As part of the merger, Chinook also assumed Aduro’s collaboration and license agreements with Novartis Pharmaceuticals Corporation (Novartis), Eli Lilly and Company (Lilly) and Merck Sharpe & Dohme Corp. (Merck). Novartis recently notified Chinook that it has discontinued development of the final STING pathway activation program under the collaboration, and as a result, has provided notice of termination of the Novartis collaboration and license agreement.

About the CVR Structure

Through the merger with Aduro Biotech, Aduro’s common stockholders of record as of the close of business on October 2, 2020 received one CVR for each outstanding share of Aduro common stock held on that date.

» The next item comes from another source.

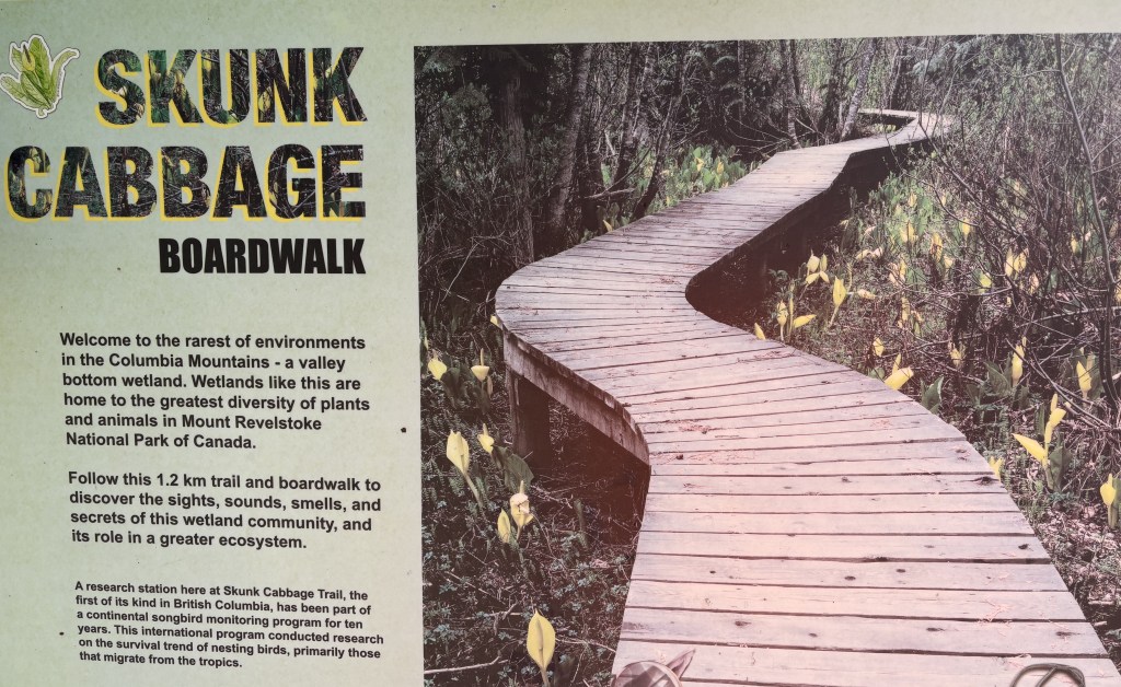 When I got back down I went into town to get something to eat and then started back to Golden, a 2 1/2 hour drive. When I had stopped at the kiosk earlier the ranger had suggested two places I would now pass on my way home. The first was a place called the Skunk Cabbage Boardwalk, a wetlands area next to the Illecillewaet River (the name is pronounced Ill-a-silhouette) and the water flows down from an enormous glacier of the same name in Glacier National Park. It is well south of the highway and not visible from the road.

Each CVR represents the contractual right to receive payments from Chinook as a result of any proceeds received for the sale, license, transfer or disposition of Aduro’s non-renal assets during the six months following the close of the merger, net of any tax, transaction costs and other expenses, for a period of up to ten years following closing of the merger.

Regarding Sairopa, Chinook will hold the equity interests in the new company until there is a liquidity event, upon which 50 percent of any proceeds, net of any tax, transaction costs and other expenses, will be distributed to CVR holders, provided such liquidity event occurs during the 10-year CVR period. Regarding the Merck license agreement, 100 percent of any proceeds from future milestone payments and royalties earned by Chinook, net of any tax, transaction costs and other expenses, will be distributed to CVR holders during the 10-year CVR period. If no liquidity event of Sairopa or milestone payments or royalties from Merck occur within the 10-year CVR period, or the consideration received is less than the amounts permitted to be deducted by Chinook, then no payments will be made under the CVR Agreement. Any proceeds from future milestones and royalties earned by Chinook under the Lilly license agreement will be retained by Chinook for the benefit of all Chinook shareholders.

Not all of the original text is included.